Voor een vlottere leesbaarheid mist het album een eenduidige structuur. Afwisselend toont een plaatje in zwart-wit met een vader die aan zijn twee zoontjes (Edmond en broer Piero) aan het vertellen is voor ze gaan slapen. Daarna volgen ter illustratie enkele pagina's in kleur, rechtstreeks uit het leven van Felix, en vervolgens is opnieuw de vertellende vader aan het woord, enzovoort. Pas na de levensloop van grootvader Felix komt Edmond zelf aan het woord.
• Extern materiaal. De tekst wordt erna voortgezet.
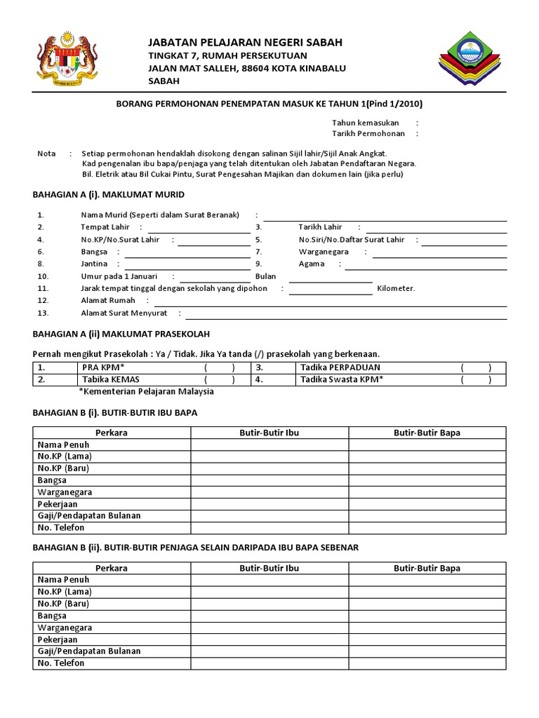 Borang Permohonan Masuk Ke Tahun 1 Pdf

Achterin het album staat nog een kort (overbodig) westernverhaal, Roodborst, waarin Baudoin cynisch het cliché wil omkeren dat in film en strips de cowboys altijd wonnen van de indianen en zich ongestraft allerlei gewelddaden konden permitteren. In dit verhaaltje rekent een dappere indiaan af met een bende outlaws... althans indien de strip volgens Baudoin zeventig jaar geleden zou zijn getekend door een indiaanse auteur in plaats van een Westerse blanke auteur.

Het album wil voornamelijk hulde brengen aan de indianen en hun cultuur tegen de achtergrond van een familiekroniek. Zeer verdienstelijk, maar we hebben andere albums van Baudoin (De Vier Stromen bijvoorbeeld) met meer plezier gelezen.